Traditionally, the preoperative rectal biopsy can supply three different types of information. The first is the histopathological diagnosis and confirmation of carcinoma, the second is the histological subtype, and the third is the degree of differentiation (tumor grade). However, recently, studies have not only noted the presence of tumor buds within the preoperative biopsy specimen but have also linked this feature to unfavorable prognostic parameters. We have described the presence of tumor budding within the biopsy specimen as “intratumoral” budding (ITB) in order to distinguish it from the classical “peritumoral” budding (PTB) that is located at the invasive front and thus not normally evaluable in biopsy specimens [41] (Figure 2).

Figure 2

Presence of intratumoral buds (arrows) in the main tumor body of a rectal cancer (pan-cytokeratin stain: CK22, 40x magnification).

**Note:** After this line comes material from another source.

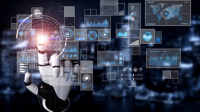 AI interacts with data analytics dashboard, reading trends, improving decisions, and enhancing insights using advanced data analytics capabilities. Marrow

The first assessment of tumor budding in rectal cancer biopsies dates to 1989 [42]. Morodomi and colleagues observed that nearly half of all rectal cancer biopsies contained ITB and its presence was a strong indicator of lymph node positivity. Specifically, lymph node involvement was observed in 78.8% of ITB-positive cases and in only 28.1% of ITB-negative rectal cancers. Despite these promising results, the issue of budding within biopsy specimens was only addressed once again in 2011. Using two cohorts of colorectal cancer patients from all stages totaling more than 500 cases, we could confirm the value of ITB as a predictor of lymph node positivity with similar sensitivity (72.7%) and specificity (72.1%) [41]. The presence of ITB not only correlated with vascular invasion but also showed an independent and unfavorable prognostic effect in multivariable analysis. A recent study by Giger et al. evaluated ITB in preoperative biopsies and the predictive values for both lymph node and distant metastasis in a series of 72 colorectal cancers of all TNM stages [43]. Seventeen percent of all cases were found to have high-grade ITB. Of the ITB positive cases, 83.3% had lymph node metastasis and 82% had distant metastasis. This is in contrast to only 51% and 35% of ITB-negative cases, respectively.

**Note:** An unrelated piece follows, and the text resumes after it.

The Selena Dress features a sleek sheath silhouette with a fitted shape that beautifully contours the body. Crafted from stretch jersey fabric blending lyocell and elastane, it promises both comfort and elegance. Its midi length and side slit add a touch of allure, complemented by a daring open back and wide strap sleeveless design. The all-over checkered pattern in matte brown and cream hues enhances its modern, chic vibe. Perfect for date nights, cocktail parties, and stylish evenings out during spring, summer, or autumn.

A strong linear correlation between the presence of ITB in biopsies and corresponding PTB in resection specimens has been made [41, 43]. This is relevant since the identification of “invasion front” can in some postoperative specimens be challenging. A recent meta-analysis of 42 different histomorphological and immunohistochemical markers in colon and rectal cancers aimed to identify predictors of lymph node metastasis. Focusing on the subset of rectal cancers, Glasgow and colleagues found only two predictive factors, one of which was tumor budding at the invasion front. Again, the sensitivity and specificity of tumor budding for node-positivity across 7 studies with more than 1500 patients were 70% and 69.4% [44].

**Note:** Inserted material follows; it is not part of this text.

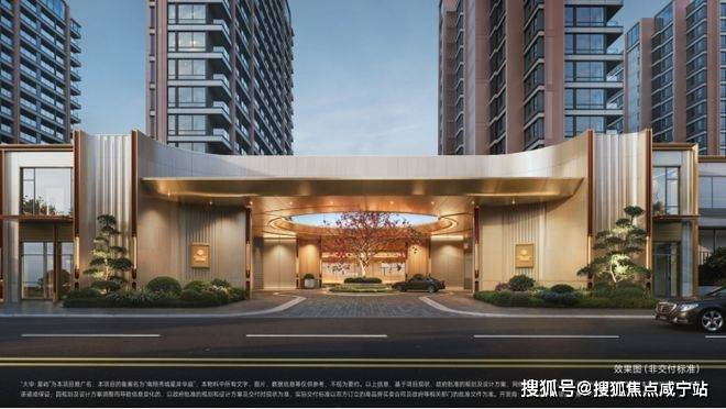 在选材上,项目采用 米色石材、铝板和金属镶框 进行多元混搭,重点刻画单元入口、入户大堂等细节,质感非常丰富。尤其 艺术感的弧形镜面立面 ,与门前蜿蜒的水岸风光相呼应,让建筑仿佛拥有了呼吸感和浪漫的情绪。

Taken together, the current body of evidence indicates that regardless of its localization, that is, within the main tumor body or invasion front, tumor budding may be a reliable histomorphological predictor of lymph node metastasis and a factor of poor prognosis which can be applied to both postoperative specimen and, most importantly, preoperative biopsy.

2. Conclusion

At least two avenues of investigation should still be clarified before implementing TuB as a criterion for patient management. First, no prospective studies have been conducted to definitely validate the potential of TuB in the clinical decision-making process. Secondly, TuB remains severely underreported in daily diagnostic routine due largely to the absence of a standardized or internationally accepted method for its assessment. Nonetheless, efforts are currently on-going to compare and validate the prognostic effects of TuB using various methods of assessment and in particular their inter- and intraobserver agreement. The evidence supporting an important role of TuB in the clinical and multidisciplinary management of patients with rectal cancer, for example in the setting of stage II and submucosally invasive tumors continues to grow. Although less than a handful of studies have evaluated the presence of intratumoral budding from the preoperative rectal biopsy, the ability to predict, with high accuracy, the presence of lymph node metastases in the pretreatment setting would be of considerable clinical value.